An artist compels in the Romantics but falls short in Bach

Karl Stobbe: Bach, Paganini, Ysaÿe

The Strad Issue: August 2024

Description: An artist compels in the Romantics but falls short in Bach

Musicians: Karl Stobbe (violin)

Works: Bach: Violin Partita no.1 in B minor BWV1002. Paganini: Caprices op.1 nos. 9, 17 and 24. Ysaÿe: Solo Sonata in E minor op.27 no.4

Catalogue number: LEAF LM294

Karl Stobbe used the musical world’s pandemic standstill to immerse himself in works for unaccompanied violin. This disc forms part of a six-album series of solo recordings, each built around one of Bach’s iconic Sonatas and Partitas. Stobbe is a formidable technician, displaying precise and dextrous left-hand fingerwork, but the combination of his muscular virtuosity and the close, reverberant recording results in a perceived lack of expressive subtlety.
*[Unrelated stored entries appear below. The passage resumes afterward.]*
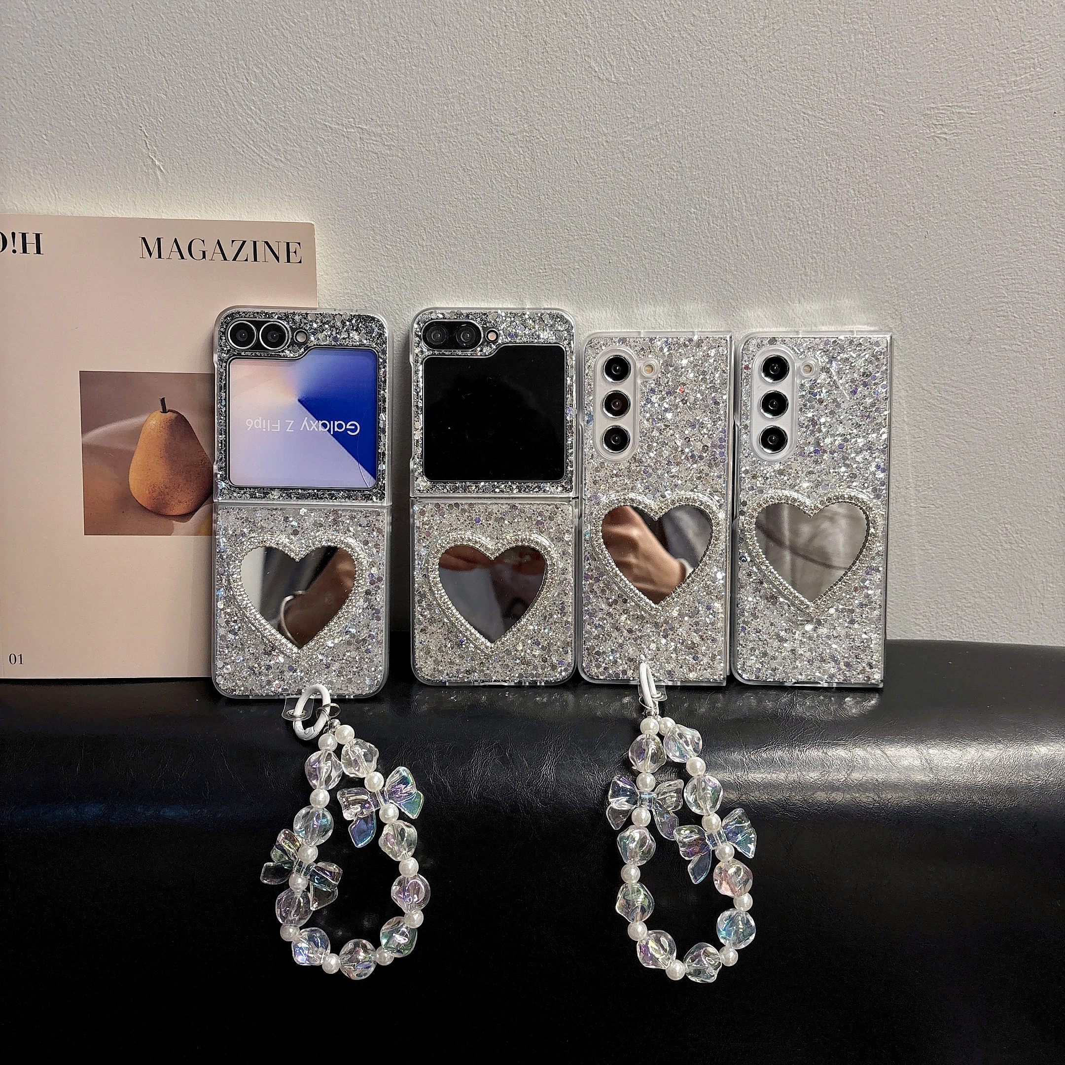 3D Love Heart Mirror Bracelet Phone Case For Samsung Galaxy Z Flip 6 4 5 Shockproof Cover For Samsung Z Flip6 ZFlip 6 ZFlip6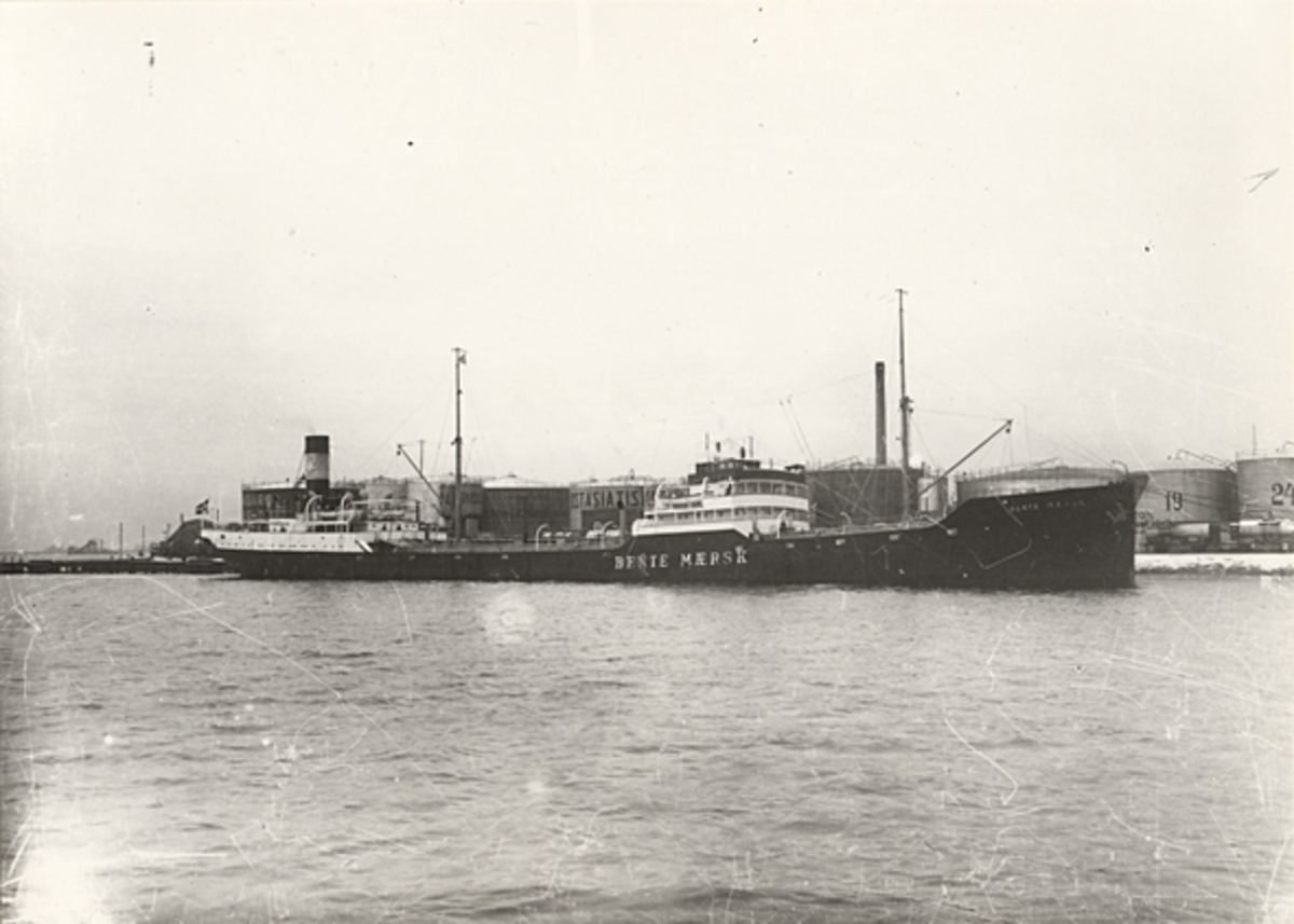 Foto i svartvitt visande tankmotorfartyget BENTE MAERSK av Svendborg i Köpenhamn under 1930-talet.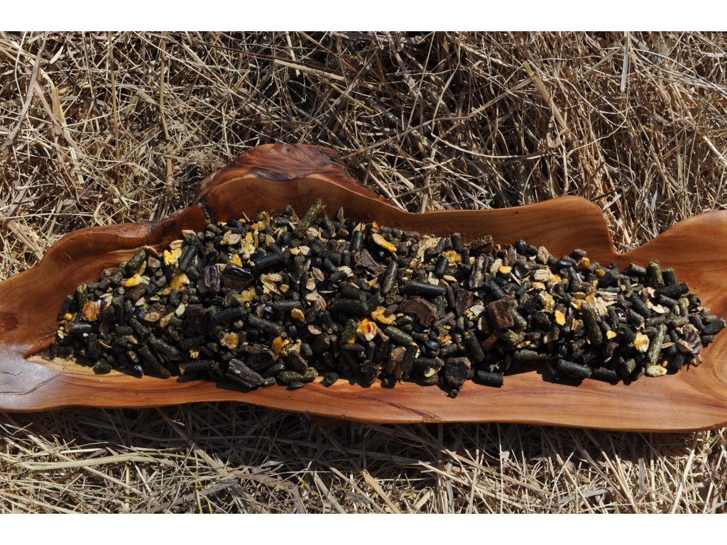 - Obsahuje svatojánský chléb (lusky z rohovníku), který zlepšuje trávení, pozitivně působí na srst, kůži, kopyta a je také cenným zdrojem vápníku i vlákniny a působí jako zchutňovadlo

His Bach is in the Romantic camp, sporting a full, opulent sound. He often plays fast and loose with the notated articulations, attacks multiple stopping aggressively, shuns the opportunity to ornament repeated sections and adopts a breakneck approach to the Corrente and its Double. Regrettably, too, Stobbe’s full-on performances lack the rhetorical freedom inherent in Bach’s stylised dances and his range of dynamic variation sounds limited.

Stobbe is much more persuasive in strongly projected accounts of three Paganini Caprices and Ysaÿe’s Fourth Sonata, revisiting the latter having recorded all six sonatas a decade ago. He surmounts most technical challenges with admirable panache; however, expressive directions – the dynamic contrasts in the Allemande and Finale of Ysaÿe’s sonata and the pianos for the theme and variations 2, 5 and 7 of Paganini’s 24th Caprice, for example – largely fail to register.